Culturally Competent Care Is Key to Overcoming Health Inequities

— Communication and trust are everything in the doctor-patient relationship

MedpageToday
A photo of Cesar Padilla, MD

*Patient's name has been changed

Considering the variability in how patients are treated in a hospital setting, we can all agree that their outcomes can be vastly different based on their ethnicity, resources, socioeconomic background, and beliefs. Two different people can come to the same hospital for the same procedure and have a completely different experience.

A patient of mine named Mariela* was recently admitted to labor and delivery for the birth of her baby. She was a high-risk, Latina patient who spoke only Spanish. Luckily, I did not have to use an interpreter as I am certified to speak Spanish to patients.

Mariela did not want to opt for an epidural, as she believed this was associated with complications such as back pain and paralysis. After listening to Mariela, I explained these risks were unwarranted as back pain is associated with pregnancy and the risks of paralysis are almost non-existent. Mariela ultimately opted to receive an epidural.

These decisions are critical as epidurals have been associated with a decrease in complications during birth, especially for medically complex patients like Mariela.

Stories like Mariela's are far too common. But the result isn't always the same -- if a healthcare team is unable to find an interpreter or provide otherwise culturally competent care, the outcomes may not be so favorable.

Data on health and healthcare by race and ethnicity from KFF shows unequivocally that persistent challenges remain for minorities looking to access the same level of care as white patients. For instance, infants born to women of color were at a higher risk for mortality than white infants, the children of minorities were more likely to go without some immunizations, and Black, Hispanic, and Asian adults were less likely than their white counterparts to receive mental health services. A related matter is access to healthcare coverage. Latinos in particular are more likely to be uninsured when compared to non-Latino whites (20% versus 8%), according to a report by HHS. Along with language and cultural barriers, socioeconomic factors also contribute to worse patient outcomes, in part fueled by the fact many report not seeing a doctor due to the cost.

Last year, I co-authored and published a research article that highlighted the drivers of health inequities, including patient factors like beliefs, education, resources, biology; healthcare system factors such as healthcare culture, financing, and delivery; and provider factors including knowledge, attitudes, competing demands, and bias. By considering these drivers as well as the structural and systemic causes -- like access to healthcare, government infrastructure, and hospital policies -- we can work toward reform to help address these disparities. Here I'll focus on Latino/a patients, who make up a large portion of the population I serve, but these changes can apply to a range of marginalized populations.

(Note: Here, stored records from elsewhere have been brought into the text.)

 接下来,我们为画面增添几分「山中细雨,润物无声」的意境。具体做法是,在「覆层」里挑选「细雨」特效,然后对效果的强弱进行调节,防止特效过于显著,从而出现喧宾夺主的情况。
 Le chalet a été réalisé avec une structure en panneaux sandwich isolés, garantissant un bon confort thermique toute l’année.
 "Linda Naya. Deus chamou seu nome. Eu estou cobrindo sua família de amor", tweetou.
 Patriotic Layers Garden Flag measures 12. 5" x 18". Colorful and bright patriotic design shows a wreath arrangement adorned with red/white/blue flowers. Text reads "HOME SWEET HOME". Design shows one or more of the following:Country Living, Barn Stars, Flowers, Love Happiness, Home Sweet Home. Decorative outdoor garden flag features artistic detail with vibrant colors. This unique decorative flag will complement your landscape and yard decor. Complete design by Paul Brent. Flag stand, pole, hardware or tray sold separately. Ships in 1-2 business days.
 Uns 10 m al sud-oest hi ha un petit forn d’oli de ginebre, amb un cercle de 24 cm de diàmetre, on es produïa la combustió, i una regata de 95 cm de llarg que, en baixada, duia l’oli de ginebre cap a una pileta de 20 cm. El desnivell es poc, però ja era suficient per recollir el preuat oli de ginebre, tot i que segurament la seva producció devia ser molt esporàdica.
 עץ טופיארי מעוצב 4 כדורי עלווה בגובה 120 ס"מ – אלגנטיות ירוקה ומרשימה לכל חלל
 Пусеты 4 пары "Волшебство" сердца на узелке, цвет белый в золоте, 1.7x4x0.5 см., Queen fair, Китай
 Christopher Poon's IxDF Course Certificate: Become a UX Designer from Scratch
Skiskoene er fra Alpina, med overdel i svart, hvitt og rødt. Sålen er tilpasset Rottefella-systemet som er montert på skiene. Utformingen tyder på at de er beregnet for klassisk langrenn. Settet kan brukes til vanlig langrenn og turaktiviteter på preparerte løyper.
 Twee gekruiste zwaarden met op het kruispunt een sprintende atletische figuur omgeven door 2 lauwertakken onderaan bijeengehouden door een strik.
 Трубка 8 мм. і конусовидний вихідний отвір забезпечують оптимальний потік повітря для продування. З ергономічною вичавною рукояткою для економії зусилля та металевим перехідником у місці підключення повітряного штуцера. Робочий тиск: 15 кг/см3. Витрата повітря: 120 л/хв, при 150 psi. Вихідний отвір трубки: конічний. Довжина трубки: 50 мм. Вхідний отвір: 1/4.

Policy-level changes and investment in marginalized communities are necessary to improve access to quality care. Clinicians should receive training regarding susceptibility to implicit bias. To support this research agenda, better collection of race and ethnicity data and anesthesia quality indicators is a priority.

Communication can also play a major role. Physicians who speak the same native language and are able to relate to the cultural experiences of their patients have been linked to better patient outcomes.

Unfortunately, Latinos account for just 6% of the overall physician and surgeon workforce, according to the Association of American Medical Colleges. Until we can find ways to get more Latino/a doctors serving patients in their communities, we must use additional tools and create new resources to communicate with and better serve patients who speak languages other than English or come from backgrounds with different customs and cultures.

As an example of one initiative to help bridge the language gap, the Stanford Center for Health Education created culturally competent and language concordant health information that is both reliable and accessible to patients of all health literacy levels. Under the sponsorship of the Stanford Medicine's Dean office, we've also created a centralized network of Latino faculty at Stanford School of Medicine and Stanford Healthcare called Latino/a Faculty Alliance Meetings (LFAM). Our mission is to highlight the urgency relating to Latino health disparities as it pertains to the lack of Latino representation in medicine. LFAM also supports initiatives to create a diverse physician workforce as a strategy for reducing disparities related to the Latino population. Recently, LFAM helped host an event at Stanford featuring California's Surgeon General Diana Ramos, MD -- California's first Latina surgeon general -- where she discussed racial and ethnic disparities in California's obstetric population. Other health systems and facilities can use initiatives like these as models for their own programs focused on reducing healthcare disparities.

As I saw recently with Mariela, patients must be able to effectively communicate with their physicians so they can trust their health concerns are being addressed appropriately.

For us to effect lasting change and improve healthcare outcomes for people of all backgrounds, there's much more to be done. It starts with just one initiative. One system pushing for change. So, we plan to keep working.

Cesar Padilla, MD, is an obstetric anesthesiologist, a clinical associate professor at Stanford University, and chair of Stanford's LFAM. He is the vice chair of the Justice, Equity, Diversity, and Inclusion Committee for the California Society of Anesthesiologists.